Setelah Bung Karno tiada, hubungan keluarga kami dan keluarga Bung Karno tetap terjaga. Bahkan, saya sangat menghargai sikap berani Bung Hatta pada saat rezim Soeharto ketika berani tampil mengungkapkan kebenaran tentang siapa penggali sesungguhnya lahirnya Pancasila dan hari lahirnya Pancasila. Sebagaimana kita ketahui bersama bahwa rezim Soeharto dalam buku-buku Pendidikan Sejarah Perjuangan Bangsa (PSPB) dan bahan-bahan untuk penataran P4 mengungkapkan bahwa hari lahirnya Pancasila adalah 18 Agustus 1945, dan penggalinya sama sekali bukan Bung Karno tetapi beberapa tokoh di antaranya Muhammad Yamin.

Hal itu tentu saja menjadi kontroversi dan perdebatan panjang dalam sejarah Indonesia. Namun, dengan berani, Bung Hatta memberikan testamen kepada Guntur Soekarnoputra pada tahun 1976 bahwa yang melahirkan Pancasila adalah Bung Karno dan lahirnya Pancasila adalah 1 Juni. Sikap berani tersebut menurut saya menunjukkan jiwa besar Bung Hatta bahwa kendati tidak lagi sepaham dengan Bung Karno, namun tetap mengungkapkan yang benar itu adalah benar dan sebaliknya yang salah adalah salah kendati pemerintah Soeharto pada saat itu tengah melakukan praktik de-Soekarnoisasi.

Kendati pengakuan Bung Hatta tersebut membuat guncang hipotesa pemerintah pada saat itu, namun Pemerintah Soeharto tetap pada pendirian bahwa Bung Karno tidak dianggap sebagai penggali Pancasila dan hari lahir Pancasila tetap 18 Agustus. Kendati demikian, saya dan keluarga sangat bersyukur bahwa di tengah hujatan kepada Bung Karno, tetapi teman seperjuangan yang walaupun akhirnya "pecah kongsi" mau mengungkapkan kebenaran.

Akhirnya, dalam rangka memperingati 100 tahun Bung Hatta, hendaknya kita semua terutama para politisi bisa mencontoh berbagai sikap dan perilaku terpuji para founding fathers kita dalam hal ini Bung Hatta.
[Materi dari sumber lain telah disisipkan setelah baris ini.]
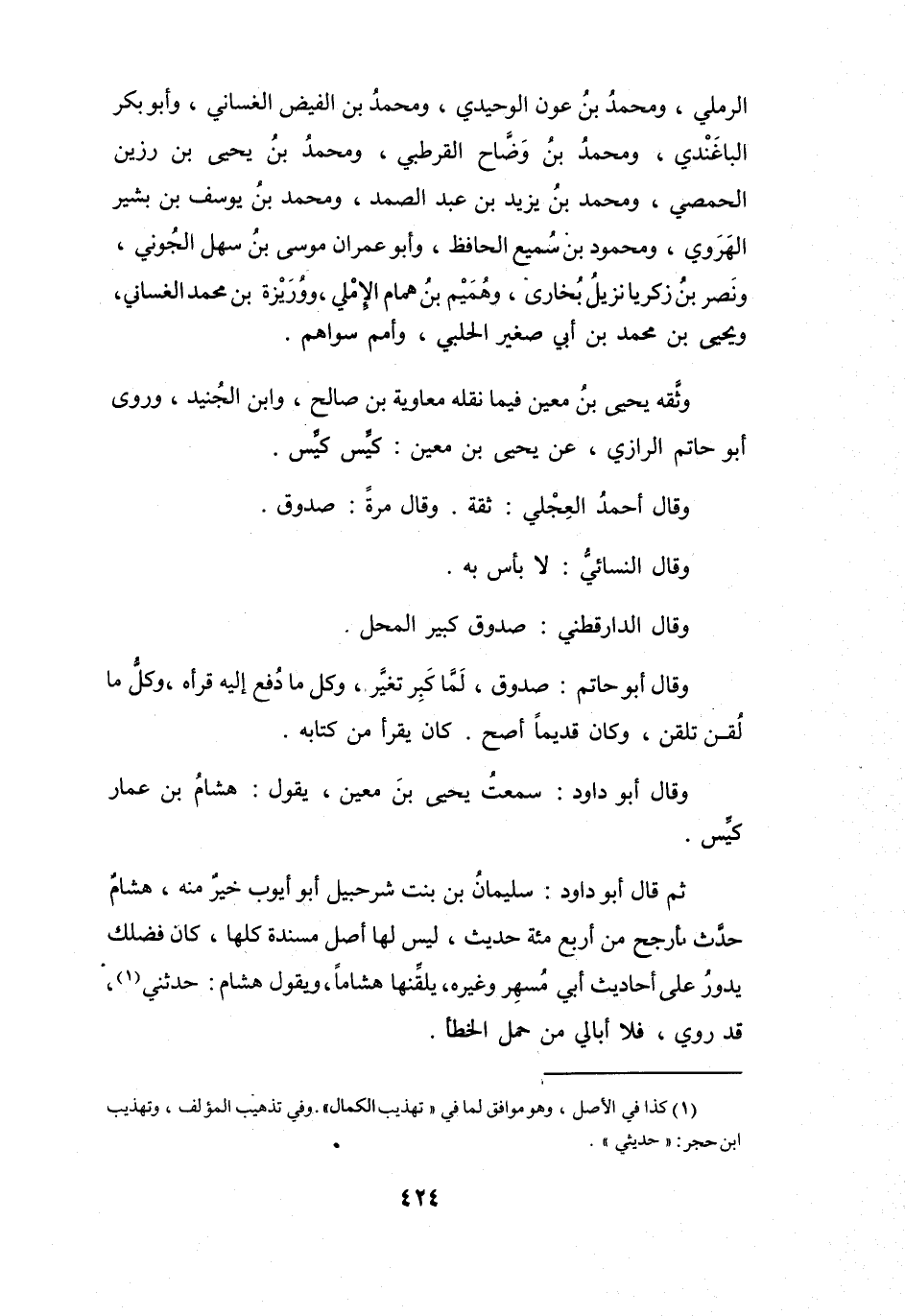 وَقَالَ أَبُو دَاوُدَ: سَمِعْتُ يَحْيَى بنَ مَعِيْنٍ يَقُوْلُ: هِشَامُ بنُ عَمَّارٍ كَيِّسٌ.

Jangan kita terjebak pada peringatan seremonial saja di mana kita menempatkan jasa-jasa para founding fathers sebagai prasasti tanpa pernah mau mengikuti dan mengimplementasikan berbagai nilai kehidupan yang sudah dilakukan dan diajarkan pada kita semua.

Kita harus sadar bahwa perjuangan yang kita lakukan hendaknya sama seperti yang dilakukan para pahlawan kita yaitu untuk menyejahterakan seluruh rakyat Indonesia, bukan untuk pribadi, kelompok maupun partai tertentu saja. Bila itu kita lakukan maka kita dapat melanjutkan perjuangan para founding fathers kita membawa bangsa ini menjadi bangsa yang maju dan besar dan tidak hanya tergantung pada bangsa lain.